SOURCE DATA -
BEGIN
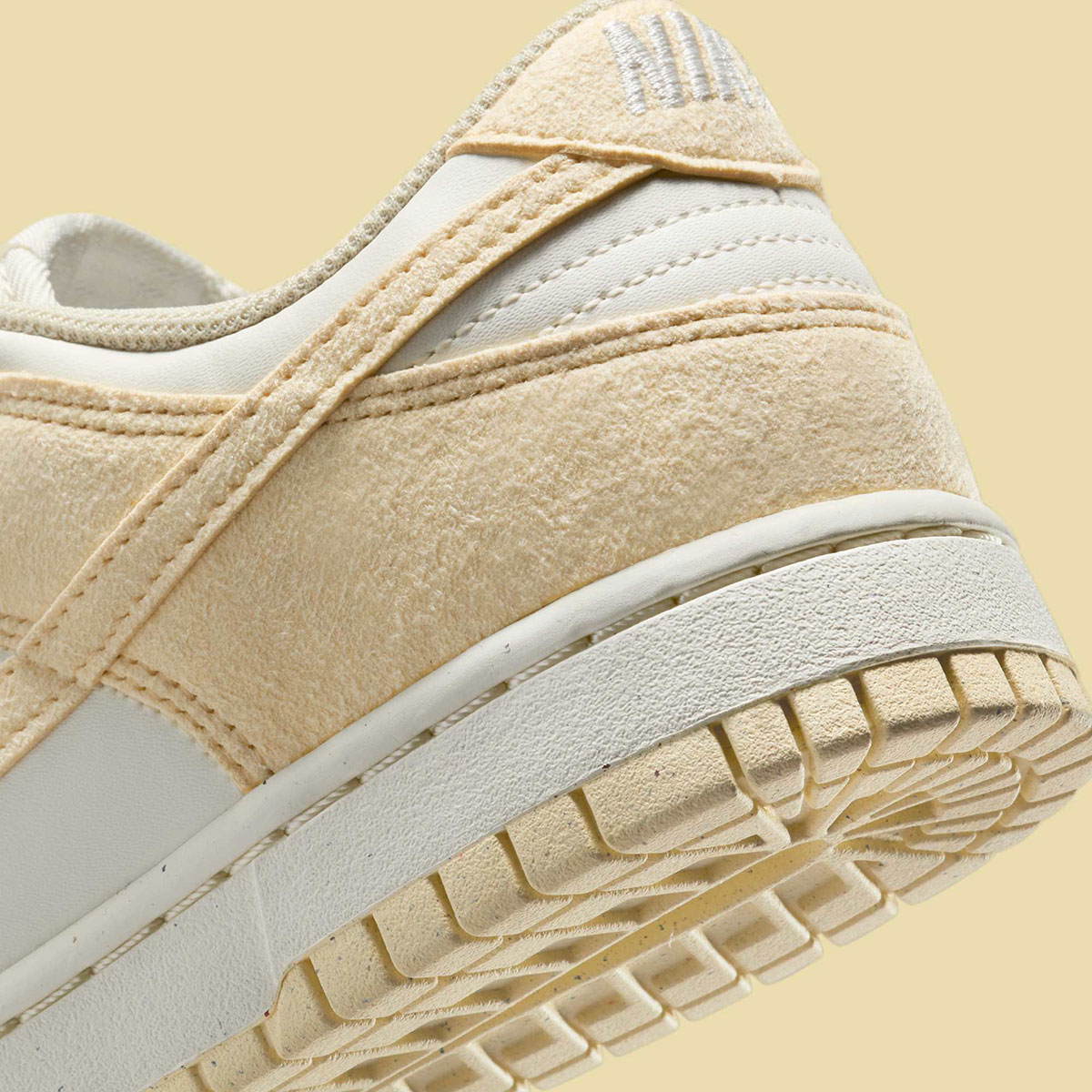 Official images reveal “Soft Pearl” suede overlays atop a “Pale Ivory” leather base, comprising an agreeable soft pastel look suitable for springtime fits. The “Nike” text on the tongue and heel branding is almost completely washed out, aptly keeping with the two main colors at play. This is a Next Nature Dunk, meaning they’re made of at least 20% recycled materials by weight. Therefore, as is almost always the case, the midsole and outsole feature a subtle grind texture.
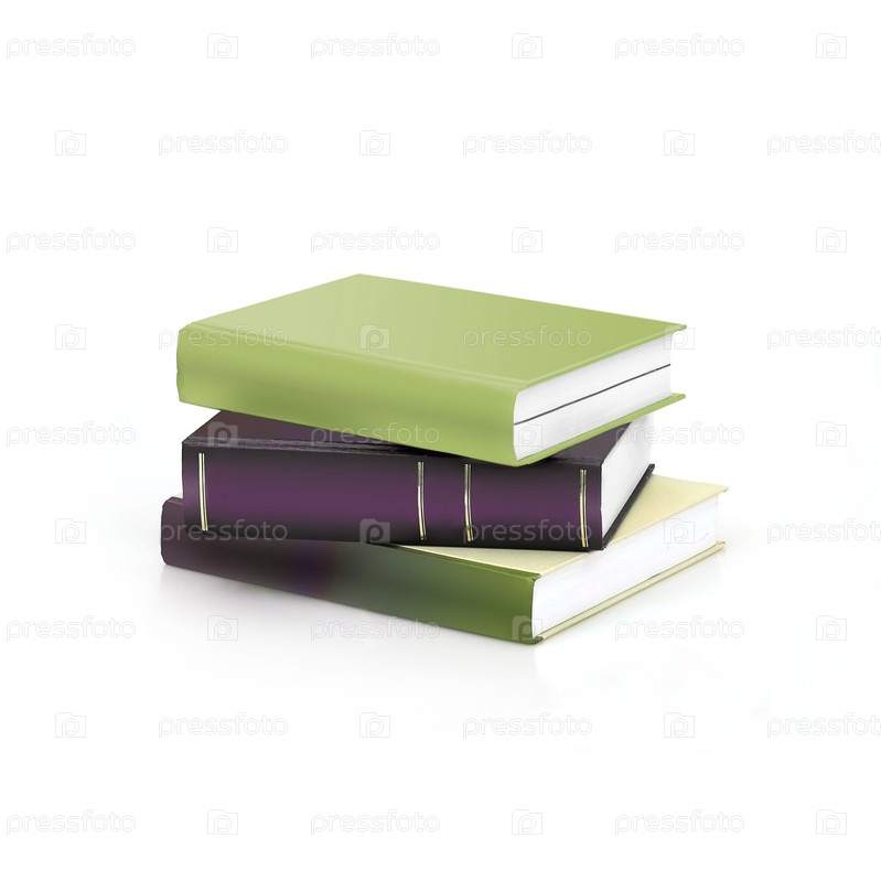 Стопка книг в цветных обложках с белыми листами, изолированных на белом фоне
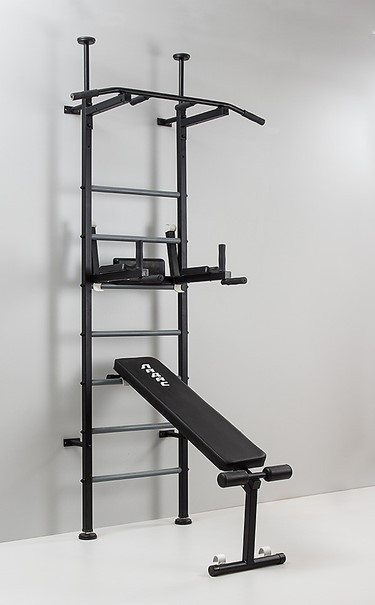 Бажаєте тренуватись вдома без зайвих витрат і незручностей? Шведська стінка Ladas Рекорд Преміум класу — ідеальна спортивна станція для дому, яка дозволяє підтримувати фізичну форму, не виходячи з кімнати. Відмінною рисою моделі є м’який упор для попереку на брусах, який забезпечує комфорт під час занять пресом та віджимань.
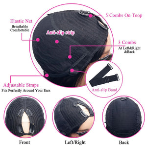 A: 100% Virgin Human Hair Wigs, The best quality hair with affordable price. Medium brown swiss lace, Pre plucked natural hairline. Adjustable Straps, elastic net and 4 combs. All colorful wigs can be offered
END
PROMPT -
Please copy out each line above exactly as written, but not the pictures.

ANSWER TO THIS PROBLEM -
 Official images reveal “Soft Pearl” suede overlays atop a “Pale Ivory” leather base, comprising an agreeable soft pastel look suitable for springtime fits. The “Nike” text on the tongue and heel branding is almost completely washed out, aptly keeping with the two main colors at play. This is a Next Nature Dunk, meaning they’re made of at least 20% recycled materials by weight. Therefore, as is almost always the case, the midsole and outsole feature a subtle grind texture.
 Стопка книг в цветных обложках с белыми листами, изолированных на белом фоне
 Бажаєте тренуватись вдома без зайвих витрат і незручностей? Шведська стінка Ladas Рекорд Преміум класу — ідеальна спортивна станція для дому, яка дозволяє підтримувати фізичну форму, не виходячи з кімнати. Відмінною рисою моделі є м’який упор для попереку на брусах, який забезпечує комфорт під час занять пресом та віджимань.
 A: 100% Virgin Human Hair Wigs, The best quality hair with affordable price. Medium brown swiss lace, Pre plucked natural hairline. Adjustable Straps, elastic net and 4 combs. All colorful wigs can be offered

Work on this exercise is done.